§ Instructions to follow:
Reproduce the whole listing that follows, character for character, and drop the images.

========================

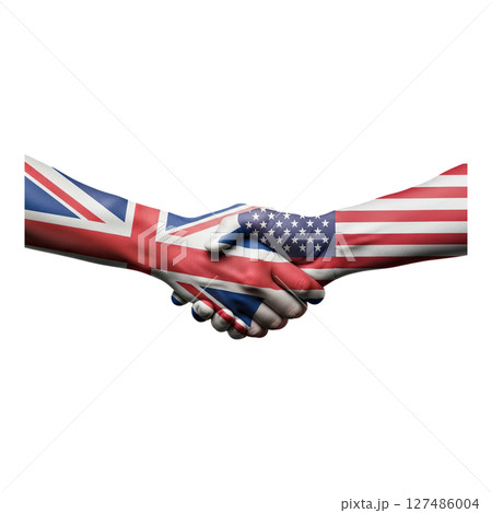 United kingdom and united states flags painted on hands in a diplomatic handshake
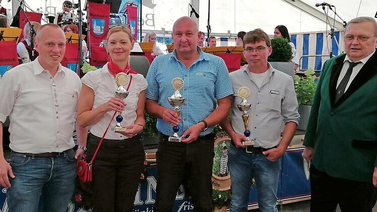 Der spannende Wettkampf fand in Bürgermeister Peter Ebertsch (Tettau) einen würdigen Sieger. Bürgermeister Thomas Löffler (von links im Bild) überreichte die Pokale an Grit Meusel (3. Platz), Peter Ebertsch (1. Platz) und Rudolf Fröba (2. Platz). Mit im Bild der Vorsitzende des SV Rennsteig Steinbach am Wald, Willy Fiedler. Foto: Karl-Heinz Hofmann
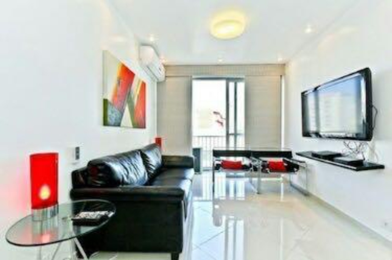 Ao entrar neste apartamento, você será recebido por um ambiente espaçoso e iluminado, perfeito para receber amigos e família. A sala é um convite para desfrutar de momentos de descontração e lazer, com espaço suficiente para acomodar confortavelmente um sofá, uma mesa de centro e uma televisão de tela plana.
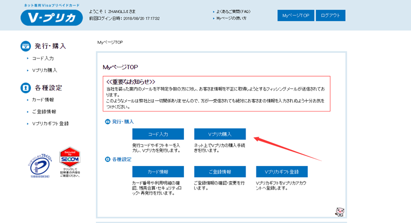 在v-preca虚拟卡不能与境外发行的日本信用卡交易。
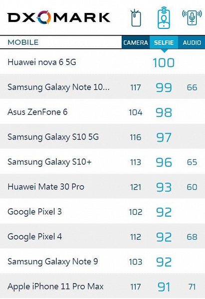 Pomimo tego, iPhone 11 Pro Max - jest jedynym przedstawicielem Apple w pierwszej dziesiątce zestawienia DxOMark.
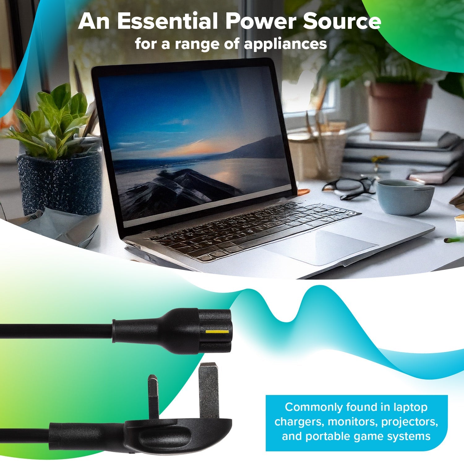 Maplin Power Lead IEC C5 Clover Leaf Plug Female to UK 3-Pin Plug - 2m, 5 Amp Fuse
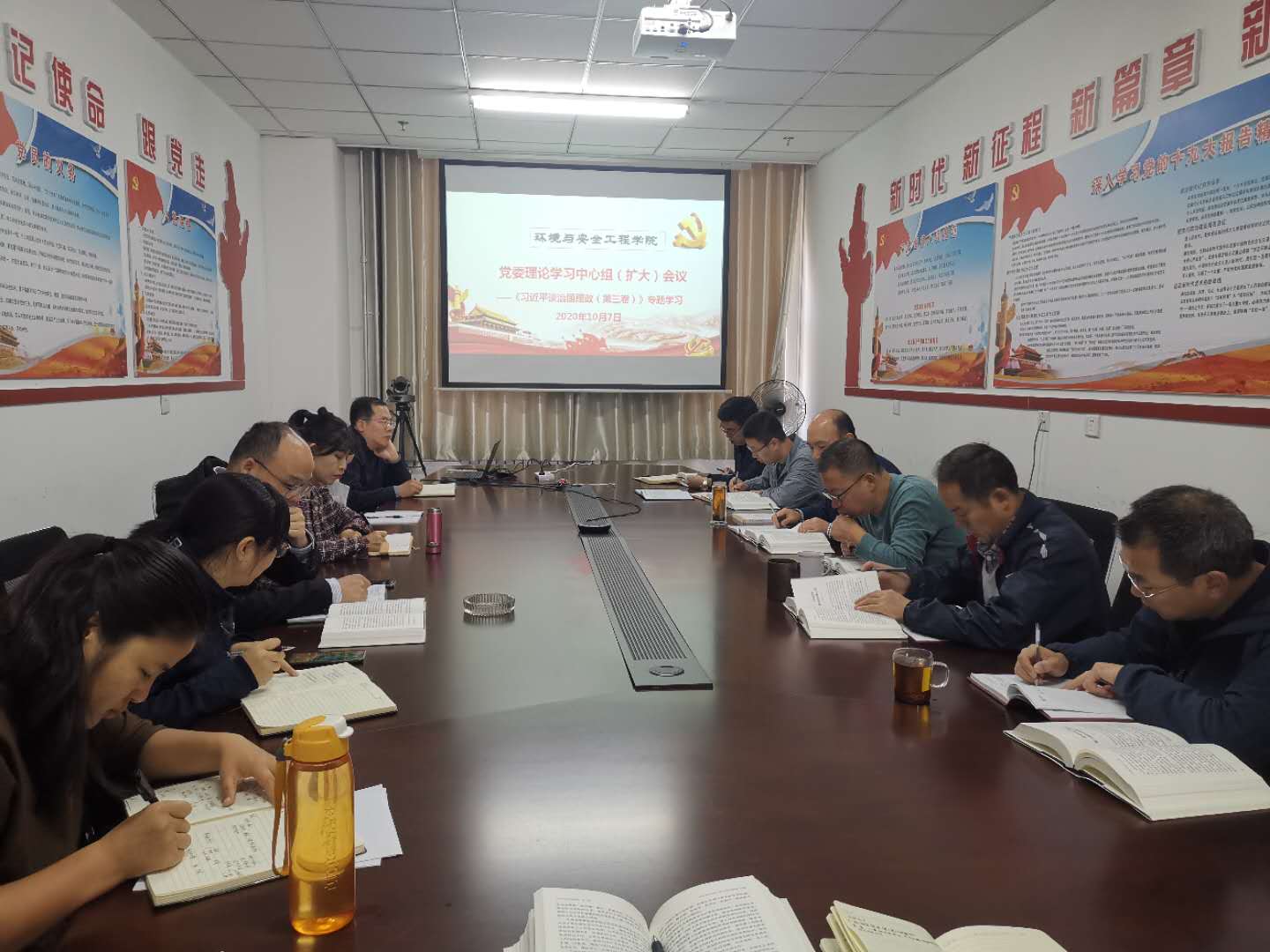 2020年10月7日上午,环境与安全工程学院在科学楼C座614会议室召开党委理论学习中心组(扩大)会议暨意识形态工作分析研判会。学院科级以上干部、各支部书记和系主任参加会议,会议由党委书记赵树森同志主持。

========================

§ Result of the exercise:
 United kingdom and united states flags painted on hands in a diplomatic handshake
 Der spannende Wettkampf fand in Bürgermeister Peter Ebertsch (Tettau) einen würdigen Sieger. Bürgermeister Thomas Löffler (von links im Bild) überreichte die Pokale an Grit Meusel (3. Platz), Peter Ebertsch (1. Platz) und Rudolf Fröba (2. Platz). Mit im Bild der Vorsitzende des SV Rennsteig Steinbach am Wald, Willy Fiedler. Foto: Karl-Heinz Hofmann
 Ao entrar neste apartamento, você será recebido por um ambiente espaçoso e iluminado, perfeito para receber amigos e família. A sala é um convite para desfrutar de momentos de descontração e lazer, com espaço suficiente para acomodar confortavelmente um sofá, uma mesa de centro e uma televisão de tela plana.
 在v-preca虚拟卡不能与境外发行的日本信用卡交易。
 Pomimo tego, iPhone 11 Pro Max - jest jedynym przedstawicielem Apple w pierwszej dziesiątce zestawienia DxOMark.
 Maplin Power Lead IEC C5 Clover Leaf Plug Female to UK 3-Pin Plug - 2m, 5 Amp Fuse
 2020年10月7日上午,环境与安全工程学院在科学楼C座614会议室召开党委理论学习中心组(扩大)会议暨意识形态工作分析研判会。学院科级以上干部、各支部书记和系主任参加会议,会议由党委书记赵树森同志主持。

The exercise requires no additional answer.